En l’espèce, à titre subsidiaire, la SAS BOBION ET JOANIN sollicite la condamnation de l’association ADAPEI DES HAUTES PYRÉNÉES à lui verser la somme de 104 038,00 euros HT soit 124 846,00 euros TTC à titre de dommages et intérêts en réparation du préjudice subi du fait du surcoût entraîné par le retard pris par le chantier.

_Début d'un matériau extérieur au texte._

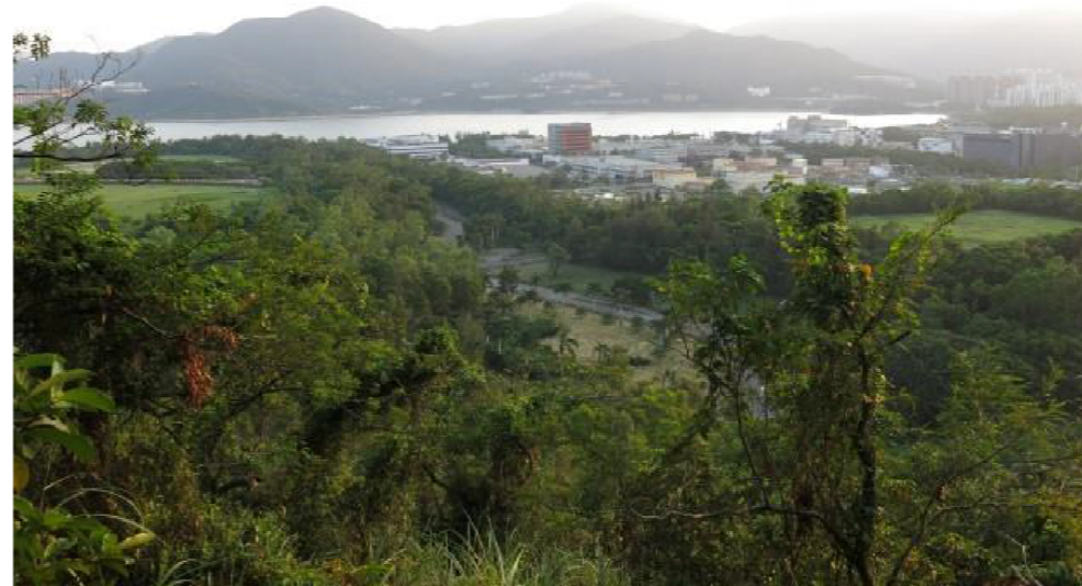
View from Hillside Vantage Point 2

Au soutien de sa demande, elle fait valoir que du fait du retard pris dans l’exécution des travaux, elle a dû participer à 49 réunions de chantier complémentaires, une prolongation de la location du contener, une augmentation des dépenses d’intérêt commun et du compte prorata ainsi qu’une perte de rendement dans la réalisation des prestations avec augmentation des heures de production ; elle considère que ce retard a constitué un bouleversement dans l’économie du contrat.
Elle expose que la preuve de la faute du maître de l’ouvrage est rapportée par son acceptation du décalage des plannings d’intervention de l’entreprise chargée du lot VRD-Gros-Oeuvre et par son refus de tenir compte des alertes de la SAS BOBION ET JOANIN sur les difficultés posées par cette situation ; elle soutient que le maître de l’ouvrage s’est contenté de demander à l’OPC re recaler le planning pour tenir compte des retards et n’a pris aucune autre mesure pour remédier à ces difficultés, notamment il n’a pas fait appliquer de pénalités de retard.
L’association ADAPEI DES HAUTES PYRÉNÉES s’oppose à cette demande en soulignant que la SAS BOBION ET JOANIN ne verse aux débats aucune pièce justificative de son préjudice.
En l’espèce force est de constater que, outre le fait que la SAS BOBION ET JOANIN se contente de procéder par affirmation et ne produit aucun document à l’appui de ses affirmations susceptible de rapporter la preuve que les retards du chantier sont imputables à des fautes commises par le maître de l’ouvrage, elle ne rapporte pas non plus la preuve de l’étendue de son préjudice puisque, comme l’a justement retenu le tribunal, elle ne produit au soutien de sa demande, qu’un décompte établi par ses soins qui n’a aucune valeur probatoire.
Le jugement qui a rejeté la demande d’indemnisation formée par la SAS BOBION ET JOANIN sera donc confirmé.
3°) Sur les demandes annexes
Le jugement de première instance sera confirmé en ce qui concerne les condamnations au titre de l’article 700 du code de procédure civile et aux dépens.
La SAS BOBION ET JOANIN sera condamnée à payer à l’association ADAPEI DES HAUTES PYRÉNÉES la somme de 3 000,00 euros sur le fondement de l’article 700 du code de procédure civile et sera déboutée de sa demande à ce titre.
La SAS BOBION ET JOANIN sera par ailleurs condamnée aux dépens d’appel.
PAR CES MOTIFS
La Cour, après en avoir délibéré, statuant publiquement, par mise à disposition, par arrêt contradictoire et en dernier ressort,
Confirme en toutes ses dispositions le jugement entrepris,
Constate que la demande de communication de pièces est devenue sans objet,
Y ajoutant,
Condamne la SAS BOBION ET JOANIN à payer à l’association ADAPEI DES HAUTES PYRÉNÉES la somme de 3 000,00 euros sur le fondement de l’article 700 du code de procédure civile,
Déboute la SAS BOBION ET JOANIN de sa demande au titre de l’article 700 du code de procédure civile,
Condamne la SAS BOBION ET JOANIN aux dépens d’appel.
Le présent arrêt a été signé par Mme FAURE, Présidente, et par Mme HAUGUEL, Greffière, auquel la minute de la décision a été remise par la magistrate signataire.